== DATA EXTRACT ==

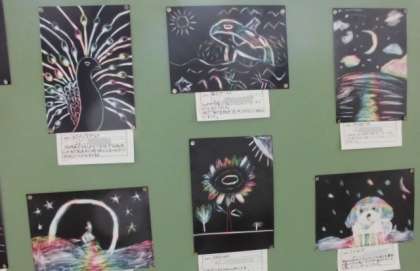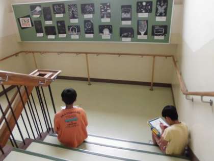 東階段に掲示してある図画工作の作品「消して書く」を鑑賞する5年生。学習参観においでの際にご覧ください。
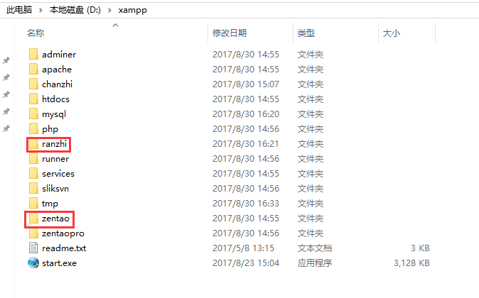 2、把ranzhi文件夹复制粘贴到禅道xampp包目录里
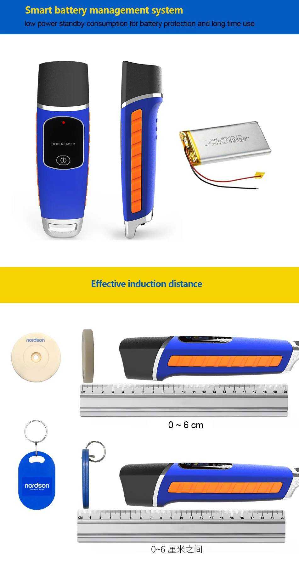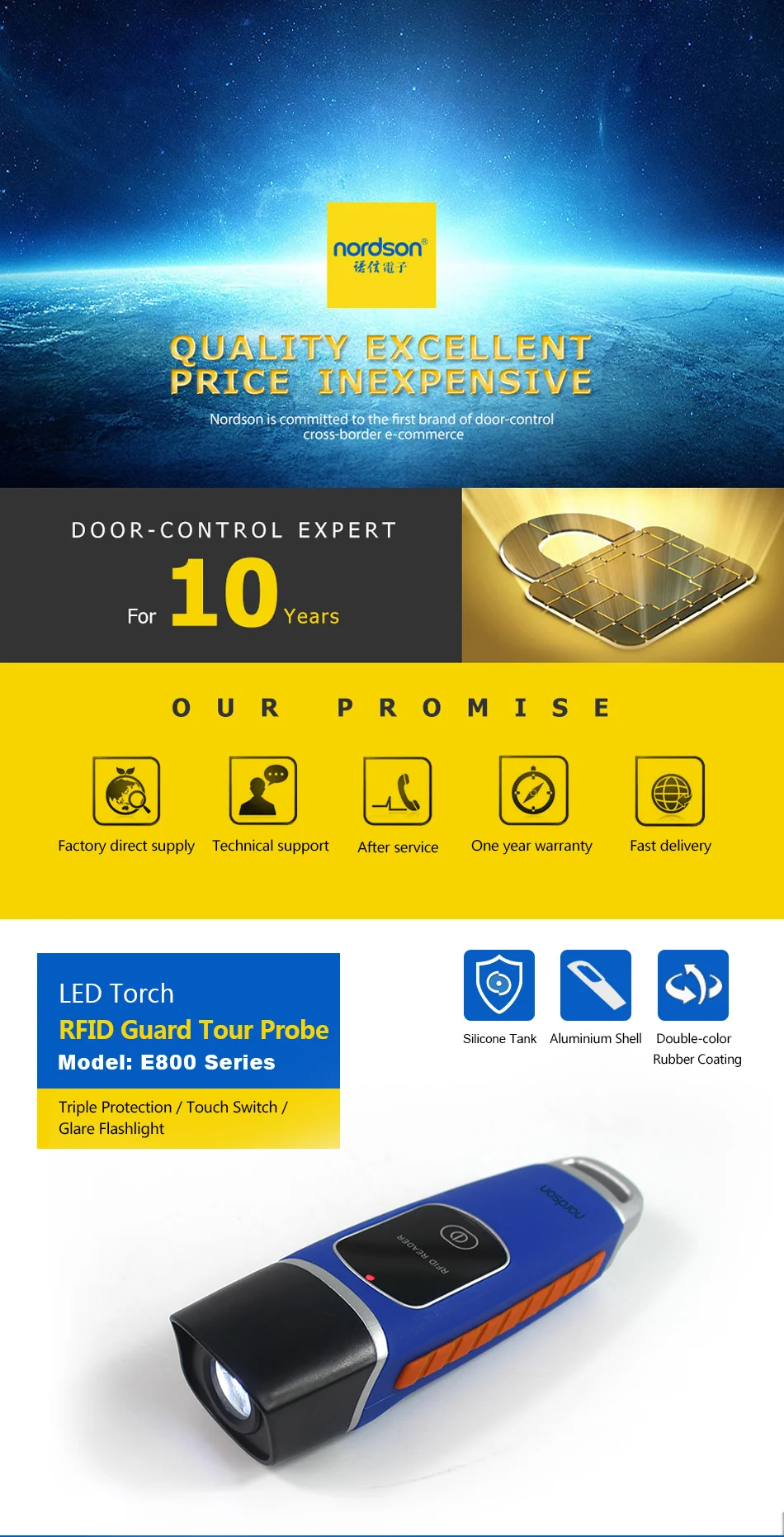 TypeRFID Guard Tour ProbeModelE800/E800LMaterialAluminum alloy shell+Two-color silicone coatingSize145*43*30 mm(L*W*H)Weight130gRecord capacity240000Alarm clock72 groupUSB portMini USBRFID125KhzReading distance0-6cmLightingLED lightLanguageChinese, EnglishBattery managementLower power consumption,auto dormant functionOperation temperature -10℃ ~ 60℃Operation humidity20%~80%Reading speed≤1.0sE800NO SCREENE800LDigital display screenWorking voltage3.3VWhy choose NORDSON?

===

Leave the pictures out and output the rest of the data word for word.

- EXERCISE RESULT
 東階段に掲示してある図画工作の作品「消して書く」を鑑賞する5年生。学習参観においでの際にご覧ください。
 2、把ranzhi文件夹复制粘贴到禅道xampp包目录里
 TypeRFID Guard Tour ProbeModelE800/E800LMaterialAluminum alloy shell+Two-color silicone coatingSize145*43*30 mm(L*W*H)Weight130gRecord capacity240000Alarm clock72 groupUSB portMini USBRFID125KhzReading distance0-6cmLightingLED lightLanguageChinese, EnglishBattery managementLower power consumption,auto dormant functionOperation temperature -10℃ ~ 60℃Operation humidity20%~80%Reading speed≤1.0sE800NO SCREENE800LDigital display screenWorking voltage3.3VWhy choose NORDSON?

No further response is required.